Starting at the line that contains "Сумочка из джинсовой", repeat each line of the listing below through the last one, exactly, and leave out every picture.
Dataset records Start Marker
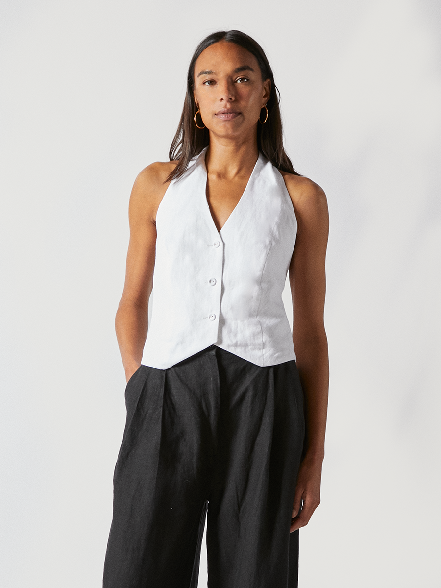 Abi Waistcoat in White Linen
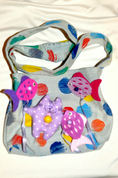Сумочка из джинсовой ткани, рыбки из фетра, все снимаются и надеваются обратно на бусинки, а еще в лапки кота тоже могут угодить)
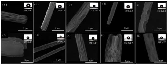 SEM micrographs of the surfaces (a–j) and the WCAs of the as-spun PS fibers fabricated from solutions with varying compositions.
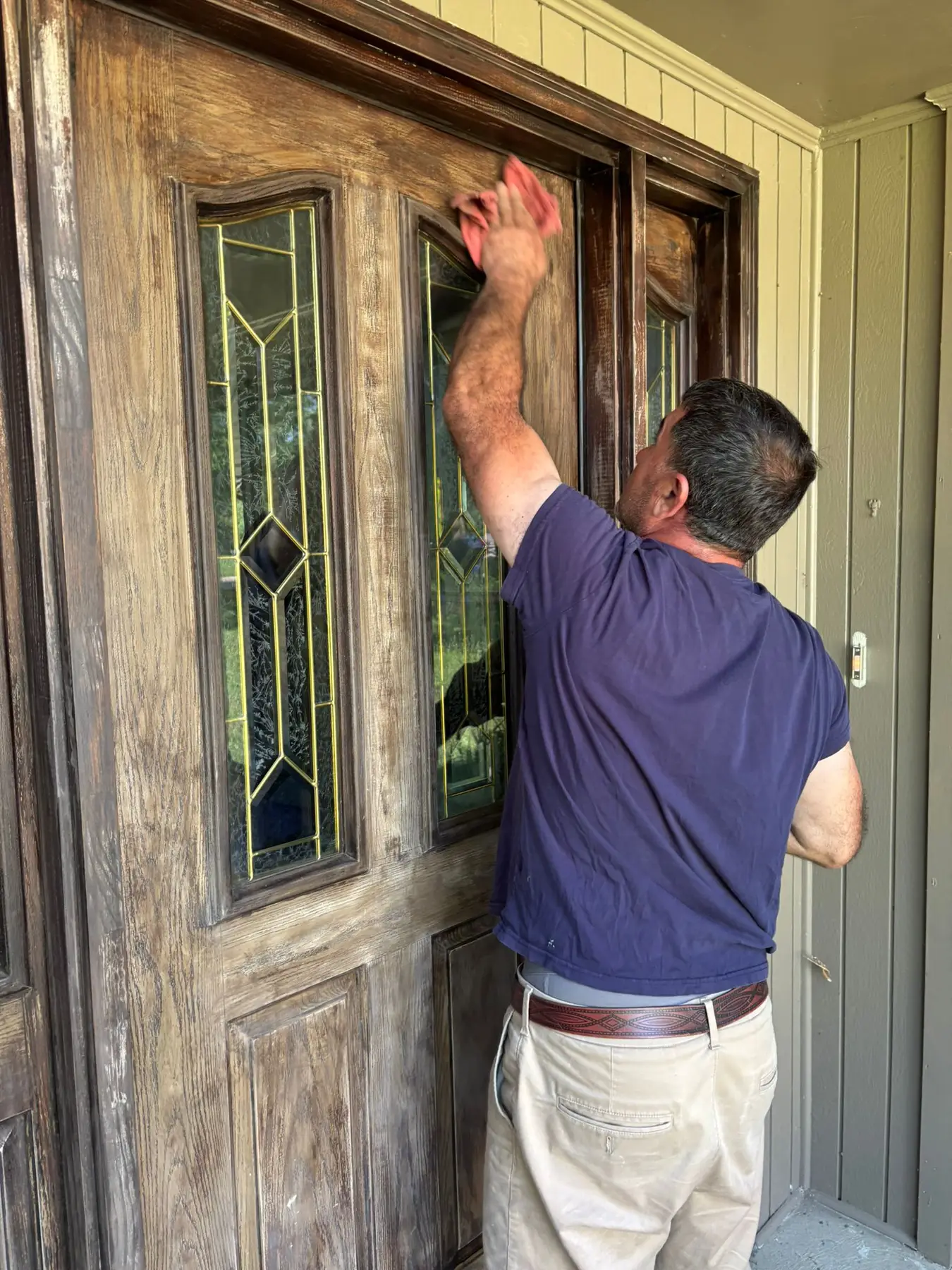 Today at Craft&Repair LLC, we had a productive day carrying out an Entry Door Finishing job over at Kettering. The task involved sanding the entry doors carefully, patching up minor cracks with wood filler, and allowing it to dry properly. Once this was done, we gave the doors a fresh coat of stain followed by a water-resistant clear finish. This not only protected the doors from everyday wear and tear, but also significantly improved their overall aesthetic. If you are looking for similar work to be done, don’t hesitate to reach out to us! Get an estimate today!
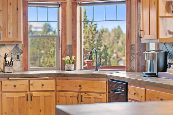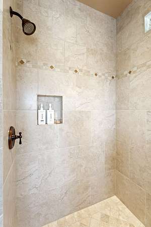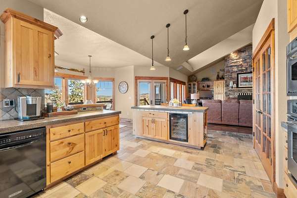 - Breakfast Bar, Built-In Features, Ceiling Fan(s), Double Vanity, Kitchen Island, Linen Closet, Open Floorplan, Pantry, Primary Downstairs, Shower/Tub Combo, Soaking Tub, Tile Counters, Tile Shower, Vaulted Ceiling(s), Walk-In Closet(s), Wet Bar, Wired For Sound
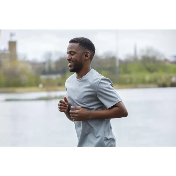 To achieve a shape that provides a secure fit for different ear shapes3, the Shokz Lab scanned a vast array of human ear data from all over the world. The ergonomic and flexible ear hook perfectly wraps around different curves of ears, providing a soft and secure grip. The split design between the earbud and battery balances the weight of the whole system, providing comfort and stability. Feel free to walk, run, and even jump, and OpenFit stays in place.
Dataset records End Marker
Task solution
Сумочка из джинсовой ткани, рыбки из фетра, все снимаются и надеваются обратно на бусинки, а еще в лапки кота тоже могут угодить)
 SEM micrographs of the surfaces (a–j) and the WCAs of the as-spun PS fibers fabricated from solutions with varying compositions.
 Today at Craft&Repair LLC, we had a productive day carrying out an Entry Door Finishing job over at Kettering. The task involved sanding the entry doors carefully, patching up minor cracks with wood filler, and allowing it to dry properly. Once this was done, we gave the doors a fresh coat of stain followed by a water-resistant clear finish. This not only protected the doors from everyday wear and tear, but also significantly improved their overall aesthetic. If you are looking for similar work to be done, don’t hesitate to reach out to us! Get an estimate today!
 - Breakfast Bar, Built-In Features, Ceiling Fan(s), Double Vanity, Kitchen Island, Linen Closet, Open Floorplan, Pantry, Primary Downstairs, Shower/Tub Combo, Soaking Tub, Tile Counters, Tile Shower, Vaulted Ceiling(s), Walk-In Closet(s), Wet Bar, Wired For Sound
 To achieve a shape that provides a secure fit for different ear shapes3, the Shokz Lab scanned a vast array of human ear data from all over the world. The ergonomic and flexible ear hook perfectly wraps around different curves of ears, providing a soft and secure grip. The split design between the earbud and battery balances the weight of the whole system, providing comfort and stability. Feel free to walk, run, and even jump, and OpenFit stays in place.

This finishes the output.